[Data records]
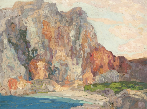 From his arrival in Majorca in 1914, Anglada-Camarasa set aside the representation of female figures and folklore, instead resuming his preferred theme prior to his stay in Paris: landscapes. However, he approached landscapes with a new eye, totally different from his first works. He used a much more daring palette of colours to represent nature, following the developments of the Fauvists in this sense, and elaborated his compositions juxtaposing patches and impastos of colour in the manner of the Impressionists. In contrast to the Impressionists however who worked sur le motif, directly in situ, he took notes which he used later to create works in his studio.
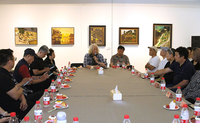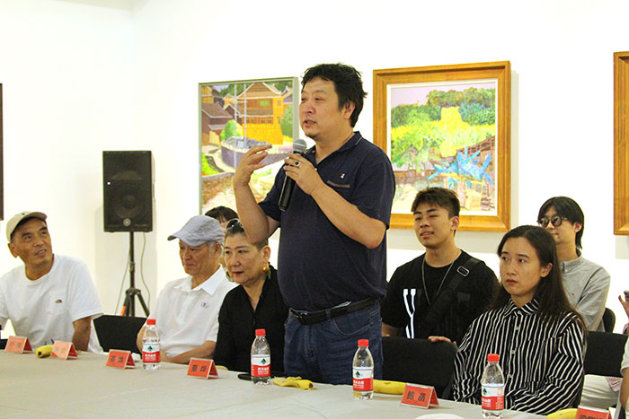 展覽學術主持、北京師范大學藝術與傳媒學院美術與設計系教授古棕主持研討會(攝影 馮世光)
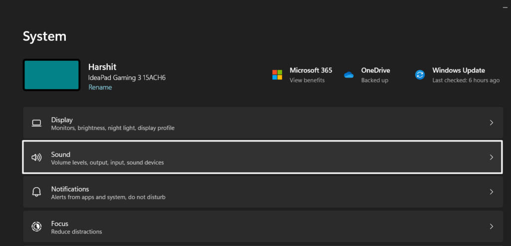 1.Inicie oAplicativo de configuraçõesno seu PC com Windows 11 e navegue até oSomseção dele.
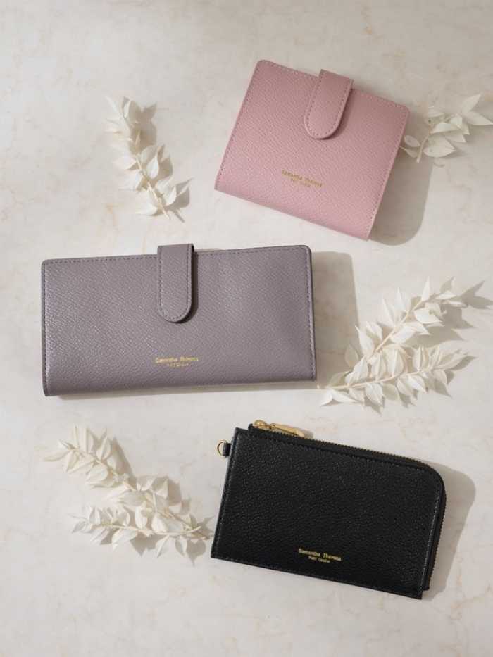 落ち着いたトーンが魅力の「シンプルシリーズ」は、ブラックやピンクベージュなどの上品カラーが揃い、折財布(22,000円)や長財布(24,200円)など、すっきりスリムなフォルムが特徴。
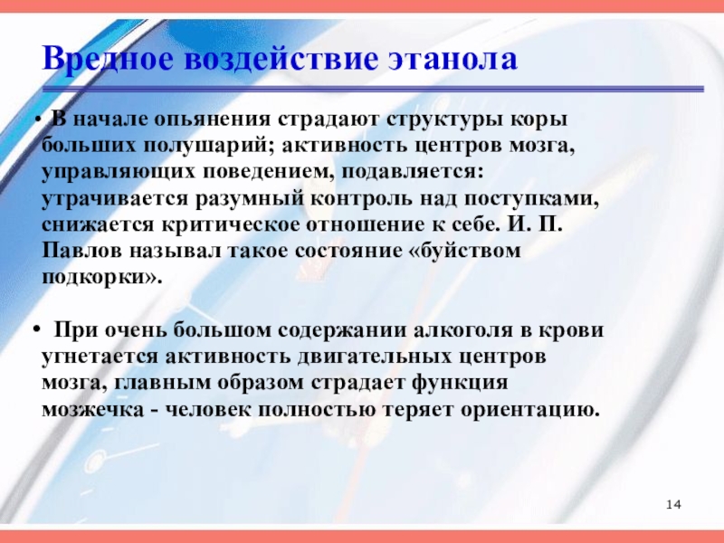 Вредное воздействие этанола В начале опьянения страдают структуры коры больших полушарий; активность центров мозга, управляющих поведением, подавляется:

**Exercise**:
Once the line containing "展覽學術主持、北京師范大學藝" is found, copy it and each line after it through the end of the entries above exactly; nothing else, and no pictures.

**Answer space**:
 展覽學術主持、北京師范大學藝術與傳媒學院美術與設計系教授古棕主持研討會(攝影 馮世光)
 1.Inicie oAplicativo de configuraçõesno seu PC com Windows 11 e navegue até oSomseção dele.
 落ち着いたトーンが魅力の「シンプルシリーズ」は、ブラックやピンクベージュなどの上品カラーが揃い、折財布(22,000円)や長財布(24,200円)など、すっきりスリムなフォルムが特徴。
 Вредное воздействие этанола В начале опьянения страдают структуры коры больших полушарий; активность центров мозга, управляющих поведением, подавляется:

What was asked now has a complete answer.